• TASK TO CARRY OUT: Write out exactly, and only, the lines below from the line with "Black and Red" through the line with "小学数学版块里,最基础的口算"; pictures do not belong in the copy.

• DATA FOR ANALYSIS:
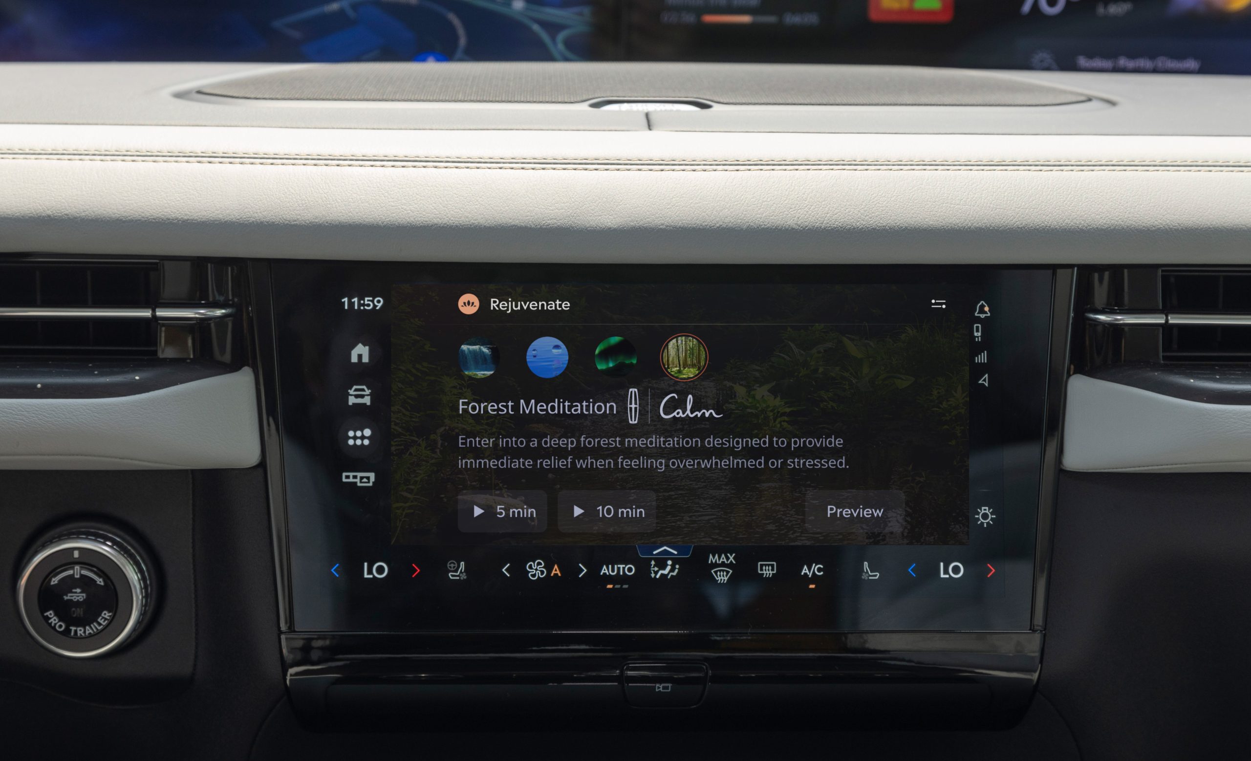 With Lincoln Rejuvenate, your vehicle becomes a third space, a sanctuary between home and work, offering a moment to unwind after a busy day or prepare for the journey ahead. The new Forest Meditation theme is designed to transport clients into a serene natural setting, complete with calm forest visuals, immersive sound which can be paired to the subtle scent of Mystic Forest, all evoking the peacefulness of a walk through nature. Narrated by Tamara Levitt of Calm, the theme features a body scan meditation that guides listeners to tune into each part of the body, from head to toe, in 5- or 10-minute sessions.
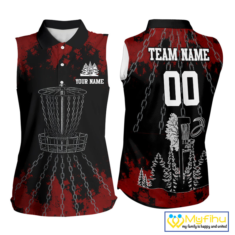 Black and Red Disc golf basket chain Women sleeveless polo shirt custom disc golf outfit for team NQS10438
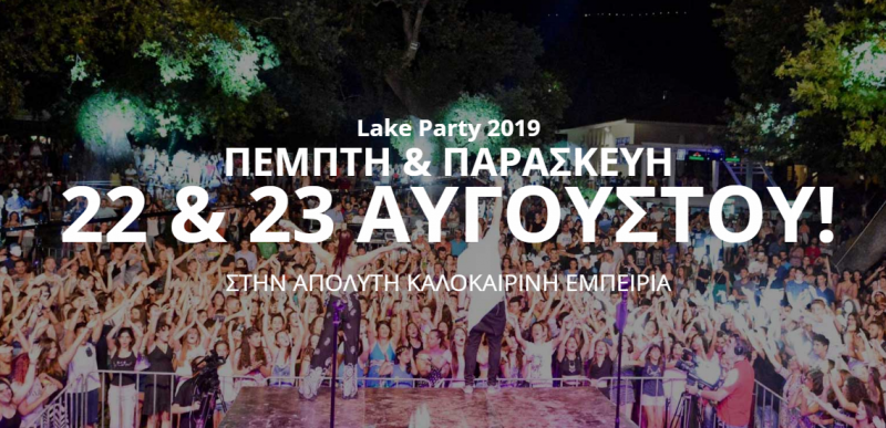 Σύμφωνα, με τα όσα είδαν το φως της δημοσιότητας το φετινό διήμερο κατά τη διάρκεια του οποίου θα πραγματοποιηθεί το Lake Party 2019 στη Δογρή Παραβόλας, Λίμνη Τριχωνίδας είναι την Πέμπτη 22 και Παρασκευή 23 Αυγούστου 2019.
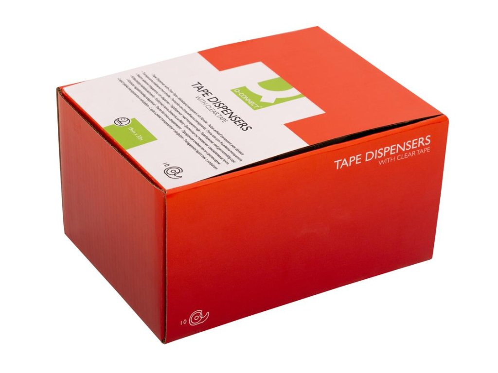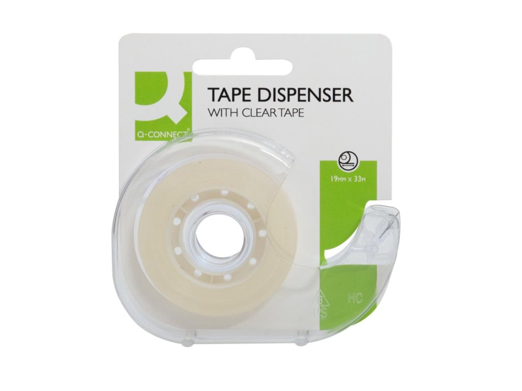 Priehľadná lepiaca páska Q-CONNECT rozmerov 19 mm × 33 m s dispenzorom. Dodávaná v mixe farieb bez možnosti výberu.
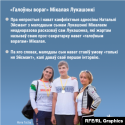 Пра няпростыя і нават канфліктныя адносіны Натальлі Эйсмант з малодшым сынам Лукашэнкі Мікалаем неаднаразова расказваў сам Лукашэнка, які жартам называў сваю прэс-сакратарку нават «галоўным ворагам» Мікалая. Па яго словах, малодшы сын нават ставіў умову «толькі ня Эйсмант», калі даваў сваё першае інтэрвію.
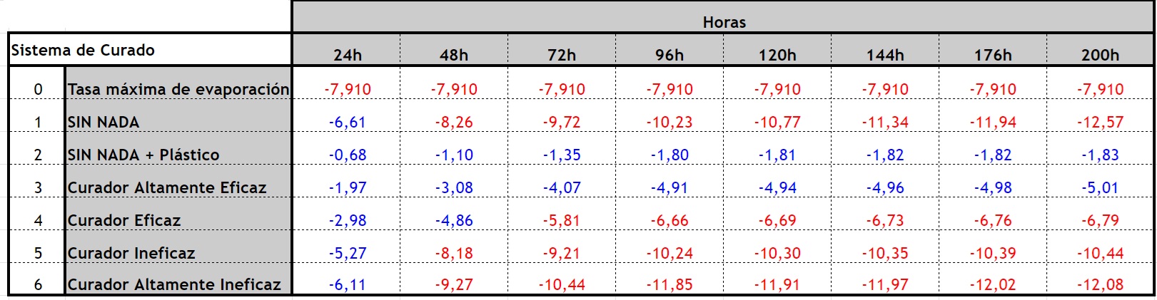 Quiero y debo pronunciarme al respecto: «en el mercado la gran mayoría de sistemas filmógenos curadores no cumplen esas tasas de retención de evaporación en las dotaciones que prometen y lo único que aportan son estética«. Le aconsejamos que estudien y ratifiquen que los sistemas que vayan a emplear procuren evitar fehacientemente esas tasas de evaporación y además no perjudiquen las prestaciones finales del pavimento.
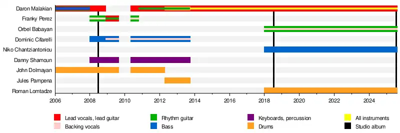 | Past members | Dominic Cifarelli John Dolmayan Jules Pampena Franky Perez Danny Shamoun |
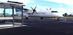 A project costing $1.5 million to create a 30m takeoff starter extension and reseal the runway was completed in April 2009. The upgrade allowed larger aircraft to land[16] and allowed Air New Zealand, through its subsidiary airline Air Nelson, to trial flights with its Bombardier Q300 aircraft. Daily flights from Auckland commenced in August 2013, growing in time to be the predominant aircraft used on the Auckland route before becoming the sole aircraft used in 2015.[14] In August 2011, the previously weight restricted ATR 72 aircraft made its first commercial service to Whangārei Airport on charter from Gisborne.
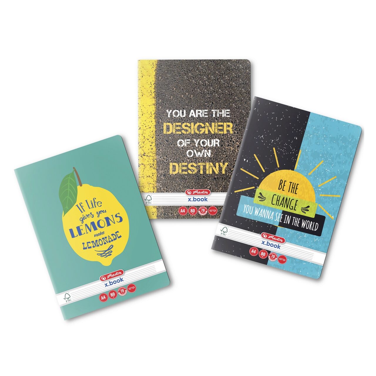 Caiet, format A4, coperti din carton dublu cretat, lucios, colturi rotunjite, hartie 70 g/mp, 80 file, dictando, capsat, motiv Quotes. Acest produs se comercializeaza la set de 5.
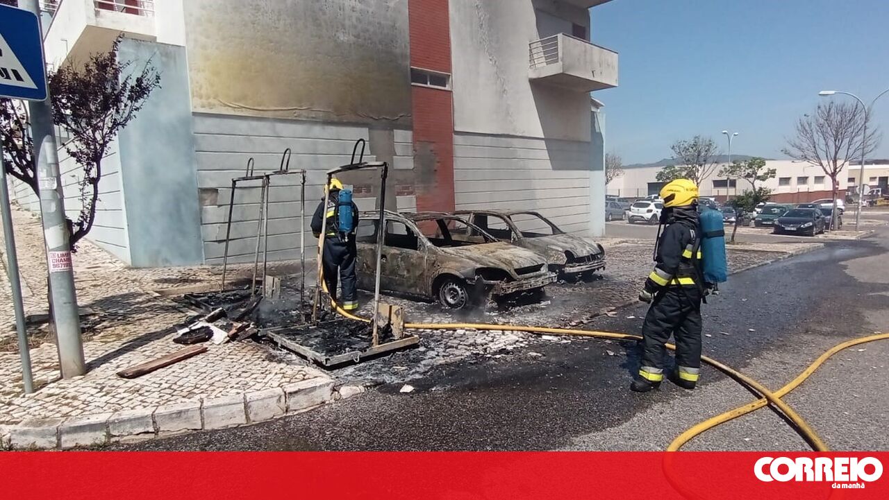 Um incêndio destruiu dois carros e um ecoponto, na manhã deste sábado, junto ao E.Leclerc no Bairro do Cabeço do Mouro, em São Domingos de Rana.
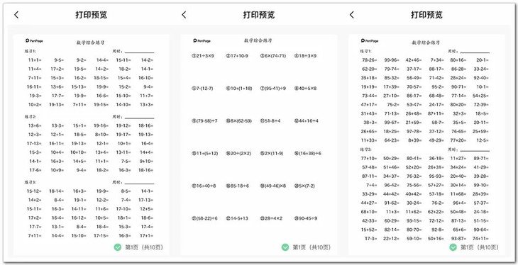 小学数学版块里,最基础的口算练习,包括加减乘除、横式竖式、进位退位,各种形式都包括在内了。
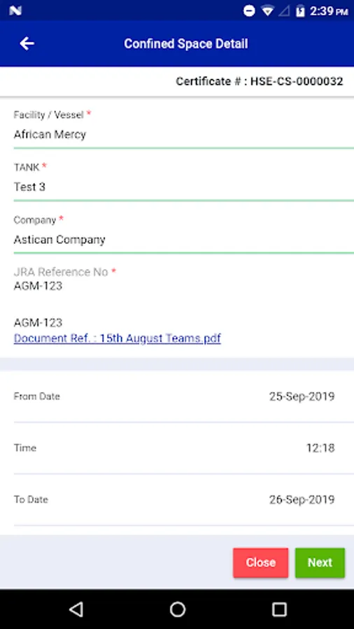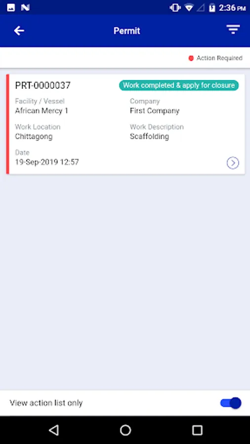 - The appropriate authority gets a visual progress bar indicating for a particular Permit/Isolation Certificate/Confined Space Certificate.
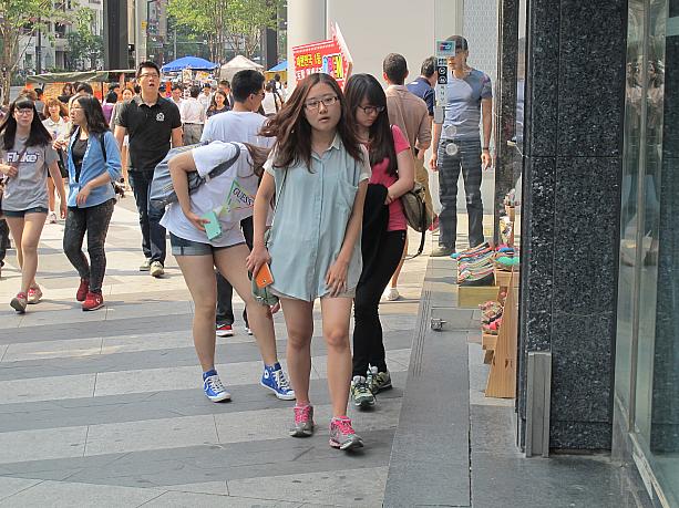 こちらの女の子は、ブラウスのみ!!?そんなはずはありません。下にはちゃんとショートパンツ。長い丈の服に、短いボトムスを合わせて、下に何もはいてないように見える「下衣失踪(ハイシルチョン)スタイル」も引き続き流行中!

• EXERCISE RESPONSE:
 Black and Red Disc golf basket chain Women sleeveless polo shirt custom disc golf outfit for team NQS10438
 Σύμφωνα, με τα όσα είδαν το φως της δημοσιότητας το φετινό διήμερο κατά τη διάρκεια του οποίου θα πραγματοποιηθεί το Lake Party 2019 στη Δογρή Παραβόλας, Λίμνη Τριχωνίδας είναι την Πέμπτη 22 και Παρασκευή 23 Αυγούστου 2019.
 Priehľadná lepiaca páska Q-CONNECT rozmerov 19 mm × 33 m s dispenzorom. Dodávaná v mixe farieb bez možnosti výberu.
 Пра няпростыя і нават канфліктныя адносіны Натальлі Эйсмант з малодшым сынам Лукашэнкі Мікалаем неаднаразова расказваў сам Лукашэнка, які жартам называў сваю прэс-сакратарку нават «галоўным ворагам» Мікалая. Па яго словах, малодшы сын нават ставіў умову «толькі ня Эйсмант», калі даваў сваё першае інтэрвію.
 Quiero y debo pronunciarme al respecto: «en el mercado la gran mayoría de sistemas filmógenos curadores no cumplen esas tasas de retención de evaporación en las dotaciones que prometen y lo único que aportan son estética«. Le aconsejamos que estudien y ratifiquen que los sistemas que vayan a emplear procuren evitar fehacientemente esas tasas de evaporación y además no perjudiquen las prestaciones finales del pavimento.
 | Past members | Dominic Cifarelli John Dolmayan Jules Pampena Franky Perez Danny Shamoun |
 A project costing $1.5 million to create a 30m takeoff starter extension and reseal the runway was completed in April 2009. The upgrade allowed larger aircraft to land[16] and allowed Air New Zealand, through its subsidiary airline Air Nelson, to trial flights with its Bombardier Q300 aircraft. Daily flights from Auckland commenced in August 2013, growing in time to be the predominant aircraft used on the Auckland route before becoming the sole aircraft used in 2015.[14] In August 2011, the previously weight restricted ATR 72 aircraft made its first commercial service to Whangārei Airport on charter from Gisborne.
 Caiet, format A4, coperti din carton dublu cretat, lucios, colturi rotunjite, hartie 70 g/mp, 80 file, dictando, capsat, motiv Quotes. Acest produs se comercializeaza la set de 5.
 Um incêndio destruiu dois carros e um ecoponto, na manhã deste sábado, junto ao E.Leclerc no Bairro do Cabeço do Mouro, em São Domingos de Rana.
 小学数学版块里,最基础的口算练习,包括加减乘除、横式竖式、进位退位,各种形式都包括在内了。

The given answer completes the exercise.